- Artist: Guido Brink
- Year: 1992
- Dimensions: 370 cm × 370 cm × 240 cm (144 in × 144 in × 96 in)
- Location: Milwaukee; 43°4′32″N 87°53′4″W﻿ / ﻿43.07556°N 87.88444°W;

= Happy-Go-Luckies of Nature and Technology =

Public artwork by Guido Brink

Happy-Go-Luckies of Nature and Technology is a public artwork by German artist Guido Brink located on the University of Wisconsin-Milwaukee campus, which is near Milwaukee, Wisconsin, United States. The sculpture is a steel structure that is painted red. It was dedicated at UWM's Lapham Hall on October 23, 1992.

==Description==
Happy-Go-Luckies of Nature and Technology is a red kinetic sculpture consisting of three legs that become four abstracted heads resting on open arms. There is a propeller with three blades at the center of the sculpture. "Abstracted humanoid forms have geometric cut shapes around perimeter and geometric-shaped negative spaces. Head forms have three disks and one arrow mounted on stainless steel rods."
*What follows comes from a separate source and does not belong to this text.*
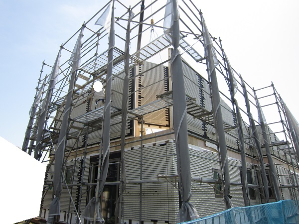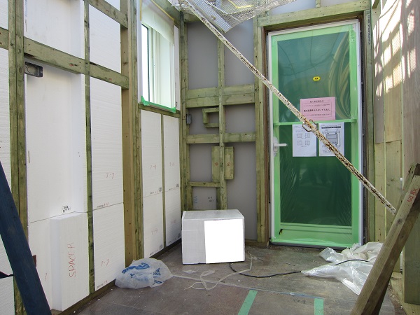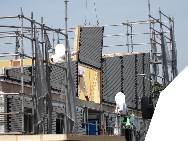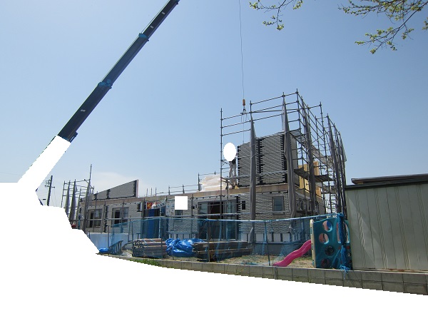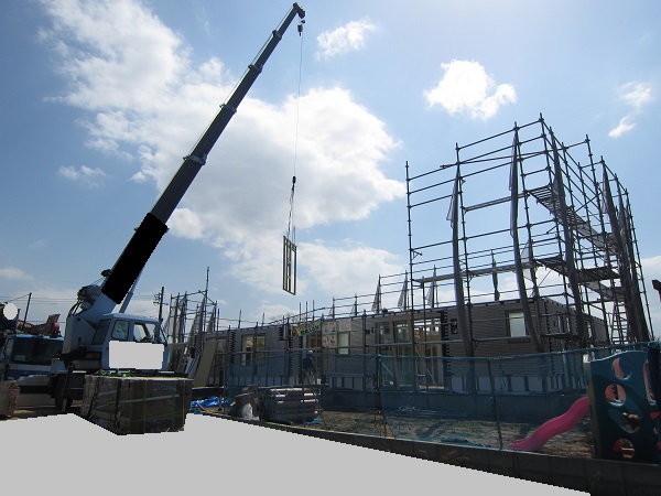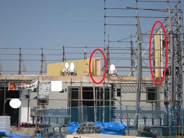 上棟 2015/04/21 上棟その3 高気密i-smartの壁パネルの隙間をなくす方法を教えてもらった ★★一条工務店i-smartの上棟2日目AM★★ さんぺいです。現場が目まぐるしく変化しており、どうにもこうにもついていけない感じのさんぺいです。みなさんの参考になるブログはこちらから↓ ↓ ↓にほんブログ村上棟その3 高気密i-smartの壁パネルの隙間をなくす方法を教えてもらった ★★一条工務店i-smartの上棟2日目AM★★さて土曜日は現場稼動24日目。着手日から41日目。上棟2日目の午前です。 昨日で1階の天井まで施工されていますので、2日目は2階相当部分と屋根です。監督さん曰く、昨日と同じぐらい時間はかかるとのこと。素人的に、1日目の平屋の1階部分をつくるより、2日目の平屋の屋根だけつくるということには手間がかからないように思いましたが、あとで作業手間としてはそこまで変わらないようです。 まず、昨日と同じく外壁からです。まず北側の一番高いところのパネルが1枚だけ施工されました。2階並の外壁です。でもこの1枚だけで次の作業へ。どうやらパネルの積み込む順番で、欠落していた模様。でもあわてない。しばらくすると上から監督さんが「さんぺいさん、玄関が来ましたよ~」と教えてくれました♪ 地元の建具屋さんが納品と設置のようです。 三協アルミ製の玄関。玄関ドアはオリジナルでは作らないんですね。(それでいいですが) 角のパネルから設置していくのがセオリーのようです。どんどん設置されていきます。 クレーンに掛けるのは運送屋さんの仕事です。順番を確認しながら壁パネルを掛けていきます。運転手なのに何でもするんですね。 一条の監督さんが指示を出しています。安心です。 建具屋さんが、玄関の枠を取り付けしています。 右の赤丸のパネルはずっと独立したままでした。左の赤丸部分を見ると、ボードを貼っている途中のようです。中は空洞のようですね。平屋の2階相当部分はEPSやグラスウールは無いのですね。色も防蟻処理の色ではありません。 順番待ちの壁パネルが地面に置かれていました。大きいですね。 いよいよ玄関の取り付けです。 西側です。すごい角度。家内曰く、「ショートケーキみたい」 漸く北側が設置されていきます。 北側がやっぱり高いですね。2階と同じです。 監督がタイルの通りを確認していました。 正面からみると、要塞みたいです。 わずかに波打っているような・・・。まだ仮止めでしょうから、こんなもんですかね。 最後の外壁が入ります。ちょっと入れにくそうです。 最後は大ハンマーで叩いていました(泣)ここでお昼休憩です。差し入れの補充を持っていきがてら、監督さんへカメラを。 うなぎの寝床の1.5寸の家だけあって、屋根裏が広い。部屋にしたい。固定資産税がかからなければ(笑) 北側の壁、めちゃくちゃ高いです。 作ろうと思えば、高さ1400mm確保でも、40~50畳は小屋裏が可能ですが、予算都合もあるので、小屋裏は8畳です。ほんとはロフトにしたかった。監督さんが小屋裏の扉を開けてくれました。 赤い部分にパッキンがあって、気密を確保しているとのこと。ですので屋根裏は気密を取っていないとのこと。 小屋裏もJASの構造用合板でした。 ボードに「仮」と書いてあるところはボードが外せるようです。はずして、ビス止めをするために仮になっているとのこと。穴のあいているところからもビスがさせます。外壁パネルについて、監督さんが教えてくれました。よく壁の継ぎ目の隙間を気にされるのですが・・・・ 赤いところで気密性をとっているわけではありません。 外側からもビスを打つことで、面で気密性をとっているとのこと。なるほど。だから2×4や2×6は気密性がいいのですかね。つづく・・・みなさんの参考になるブログはこちらから↓ ↓ ↓にほんブログ村 [2回] スポンサードリンク

==Historical information==
The sculpture was funded by the Wisconsin Percent for Art program as part of Lapham Hall's new addition. It was commissioned by the University of Wisconsin-Milwaukee. Happy-Go-Luckies of Nature and Technology was installed by the artist on the south side of Lapham Hall and dedicated in October 1992.

==Artist==
Guido Brink was born in Düsseldorf, Germany in 1913. He came to New York as a teenager with the purpose of working at A.L. Brink Studios, his uncle's stained glass studio. The artist returned to Germany after three years in the United States, and attended the State Academy of Fine Arts in Düsseldorf where he studied under Maximillian Clarenbach. "Brink vividly recalls his experience as a young art student compelled by Hitler, along with other art students, to view the famous 1937 exhibition of Degenerate Art, organized at the former Munich Architectural Institute. Contrary to Hitler's intentions, the young artists were excited by the so-called degenerate art and would in time develop new directions in their own work inspired by the modern art of the condemned artists." He was drafted by the German Army upon graduation and sent to Russia, where he fought on the front. The artist moved to New York City with his wife Ello in 1952. "The couple came to Milwaukee in 1953 for Brink to work as a stained glass window artist for the Conrad Schmitt Studios. They settled in Milwaukee where Ello worked as architectural critic for The Milwaukee Journal; in 1953 Guido became a faculty member at the Layton School of Art where he remained until its closing in 1974." Brink began his career as a painter, yet was intrigued by three-dimensional works. He thus turned to Milwaukee's craftspeople to translate his paintings into sculpture. For more than twenty years Brink was an artists in residence at Super Steel Products Corporation where he produced his humanoid sculptures. "These flat, angular profiles positioned in poetic angles are free-standing works, mostly in brightly painted metal. Sometimes referred to as "Techno-Spirits," these sculptures are the artist's signature works." Happy-Go-Luckies of Nature and Technology falls into this category.